(Saved entries)
Segment Open

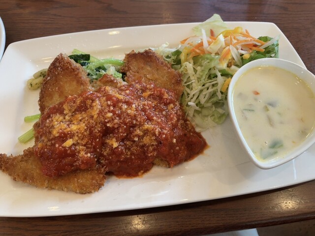 今日は三重豚のカツレツにしました。待つ事しばし、料理が登場。プレートの上にはオリジナルのトマトソースがたっぷりとかかったカツレツ。サラダに具沢山のスープもあります。
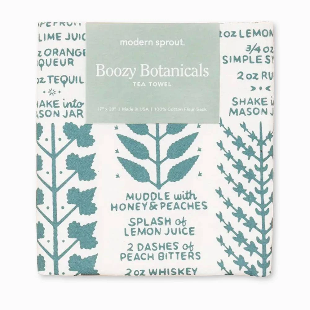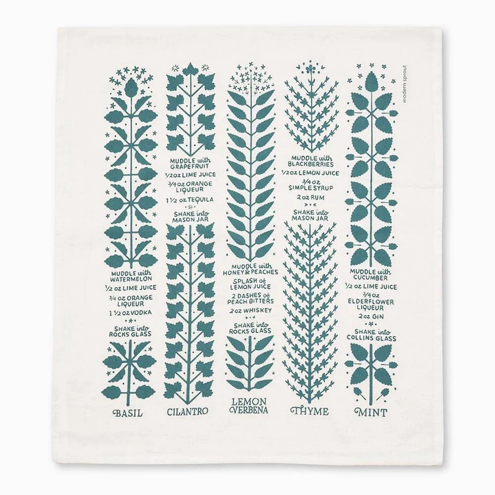 Oversized, 100% cotton flour sack towel features a Scandinavian-inspired design highlighting five muddle-worthy herbs (basil, cilantro, lemon verbena, thyme, and mint) and recipes for complimentary cocktails.
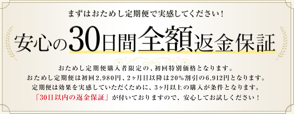 通常価格8,640円(税込)のところ、初回は約66%OFFで購入可能。 - 30日間の全額返金保証
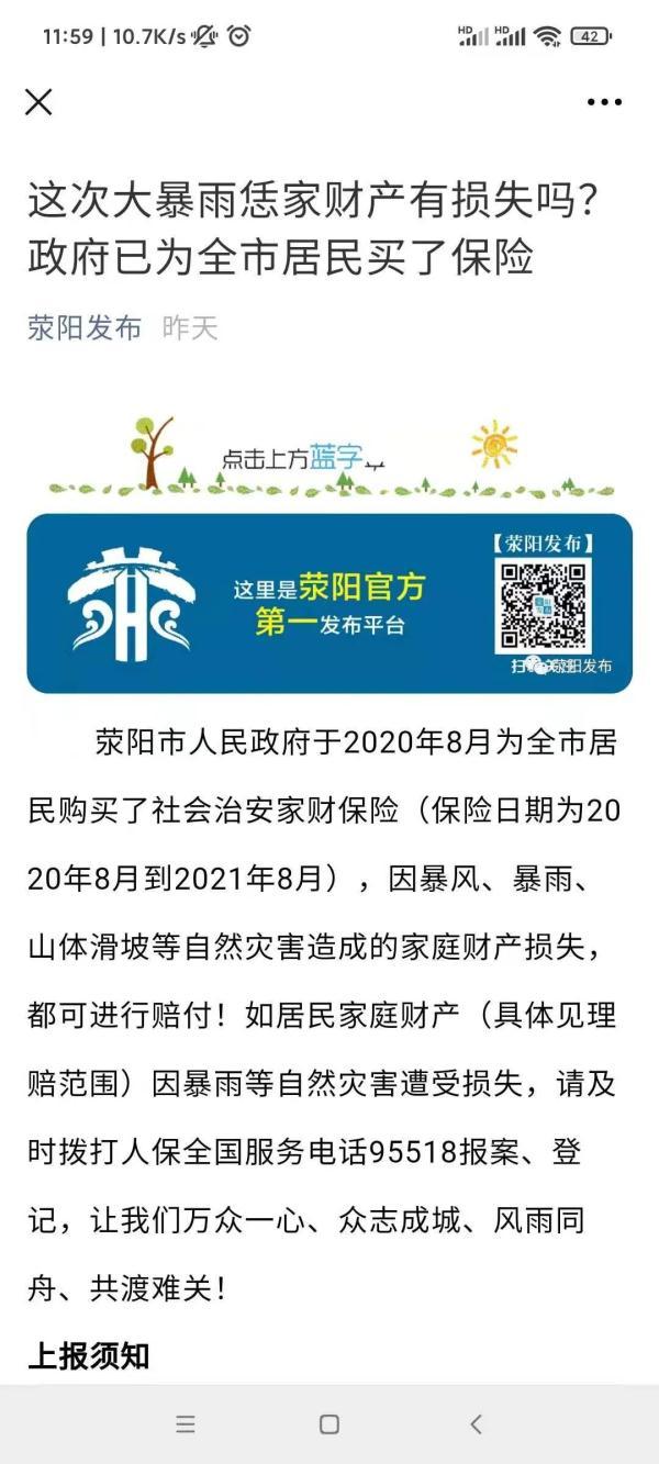 荥阳市人民政府于2020年8月为全市居民购买了社会治安家财保险(保险日期为2020年8月到2021年8月),因暴风、暴雨、山体滑坡等自然灾害造成的家庭财产损失,都可进行赔付!如居民家庭财产(具体见理赔范围)因暴雨等自然灾害遭受损失,请及时拨打人保全国服务电话95518报案、登记。
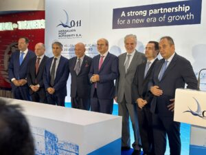 Πραγματοποιήθηκε η εκδήλωση ολοκλήρωσης της διαδικασίας μεταβίβασης του πλειοψηφικού ποσοστού του μετοχικού κεφαλαίου του Οργανισμού Λιμένος Ηρακλείου στην κοινοπραξία των εταιρειών “Grimaldi” και “Μινωικές Γραμμές”.
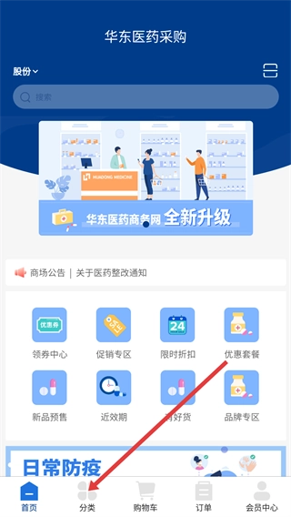 在【华东医药采购】的首页,找到底部导航栏里的【分类】选项并点击,就能进入商品分类相关页面。
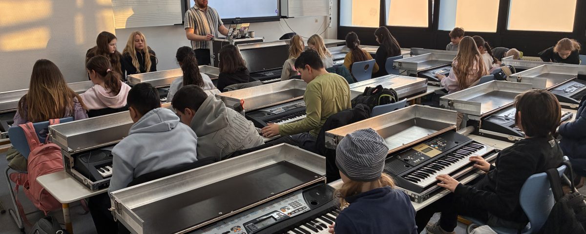 In den verschiedenen Workshops standen ganz unterschiedliche musikalische Schwerpunkte im Mittelpunkt. Im Workshop von Laurin Meiers, dem Leiter der Keyboard-AG, wurde im Keyboardraum fleißig ausprobiert und improvisiert. Hier konnte jeder im freien Musizieren seien Kreativität unter Beweis stellen.
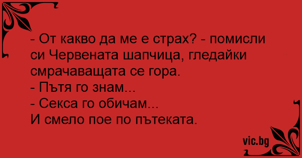 - От какво да ме е страх? - помисли си Червената шапчица, гледайки смрачаващата се гора.
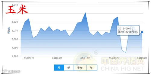 今日全国玉米均价为2008元/吨,较昨日上涨4元/吨,较上周下跌15元/吨;
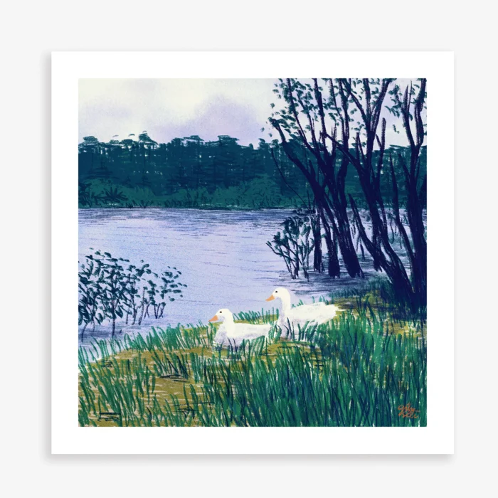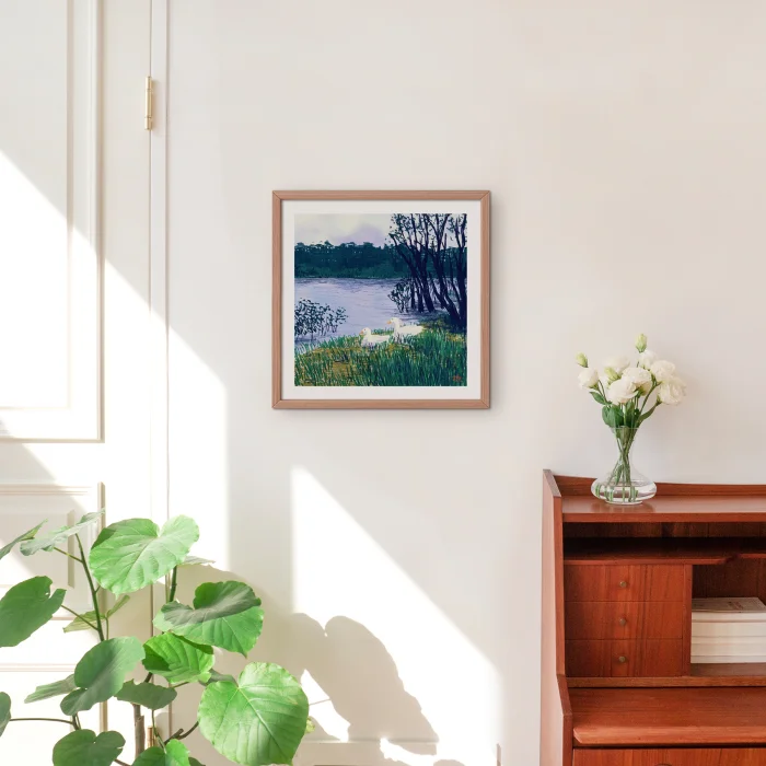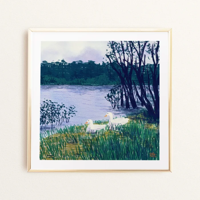 This illustration by Günseli Sepici will be printed on textured, 280gsm, professional paper using archival inks. We print the design with a 2 cm border for framing and ship it to your address without a frame in sturdy mailing tubes. Stay with love.
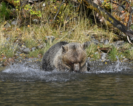 The female Grizzly has the Sockeye Salmon in her claws. She did not put her head underwater, but brought the salmon up with her claws.
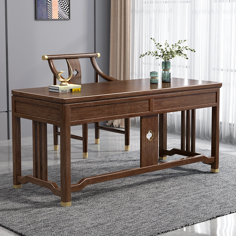 New Chinese style all-solid wood desk combination light luxury walnut office computer desk study calligraphy painting desk desk
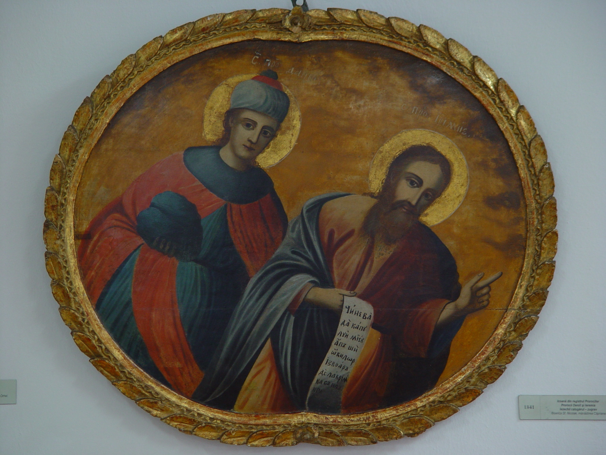 Icoană-medalion cu 2 personaje: Sf. Proroci Daniel şi Ieremia, pînă la brîu. Daniel poartă veşmînt albastru şi mantie roşie. Pe cap - acoperămînt gri-roşu, ţine în mînă drp o piatră (?) albastră. Alături e Pr. Ieremia - în chiton ocru cu mantie albastră, ţine în mînă un sul deschis. Nimburi aurii. Fondal ocru. Ramă cu ornament vegetal sculptat în lemn.

Segment Closed

→ **TASK REQUIREMENTS**:
Write out exactly the lines beginning with the line that holds "通常価格8,640円(税込)のところ、初回は約66%OFFで購入可能。 - 30日間の全額返金保証" and ending with the final line of the data, both ends included, without the pictures.

→ **SOLVED EXERCISE**:
 通常価格8,640円(税込)のところ、初回は約66%OFFで購入可能。 - 30日間の全額返金保証
 荥阳市人民政府于2020年8月为全市居民购买了社会治安家财保险(保险日期为2020年8月到2021年8月),因暴风、暴雨、山体滑坡等自然灾害造成的家庭财产损失,都可进行赔付!如居民家庭财产(具体见理赔范围)因暴雨等自然灾害遭受损失,请及时拨打人保全国服务电话95518报案、登记。
 Πραγματοποιήθηκε η εκδήλωση ολοκλήρωσης της διαδικασίας μεταβίβασης του πλειοψηφικού ποσοστού του μετοχικού κεφαλαίου του Οργανισμού Λιμένος Ηρακλείου στην κοινοπραξία των εταιρειών “Grimaldi” και “Μινωικές Γραμμές”.
 在【华东医药采购】的首页,找到底部导航栏里的【分类】选项并点击,就能进入商品分类相关页面。
 In den verschiedenen Workshops standen ganz unterschiedliche musikalische Schwerpunkte im Mittelpunkt. Im Workshop von Laurin Meiers, dem Leiter der Keyboard-AG, wurde im Keyboardraum fleißig ausprobiert und improvisiert. Hier konnte jeder im freien Musizieren seien Kreativität unter Beweis stellen.
 - От какво да ме е страх? - помисли си Червената шапчица, гледайки смрачаващата се гора.
 今日全国玉米均价为2008元/吨,较昨日上涨4元/吨,较上周下跌15元/吨;
 This illustration by Günseli Sepici will be printed on textured, 280gsm, professional paper using archival inks. We print the design with a 2 cm border for framing and ship it to your address without a frame in sturdy mailing tubes. Stay with love.
 The female Grizzly has the Sockeye Salmon in her claws. She did not put her head underwater, but brought the salmon up with her claws.
 New Chinese style all-solid wood desk combination light luxury walnut office computer desk study calligraphy painting desk desk
 Icoană-medalion cu 2 personaje: Sf. Proroci Daniel şi Ieremia, pînă la brîu. Daniel poartă veşmînt albastru şi mantie roşie. Pe cap - acoperămînt gri-roşu, ţine în mînă drp o piatră (?) albastră. Alături e Pr. Ieremia - în chiton ocru cu mantie albastră, ţine în mînă un sul deschis. Nimburi aurii. Fondal ocru. Ramă cu ornament vegetal sculptat în lemn.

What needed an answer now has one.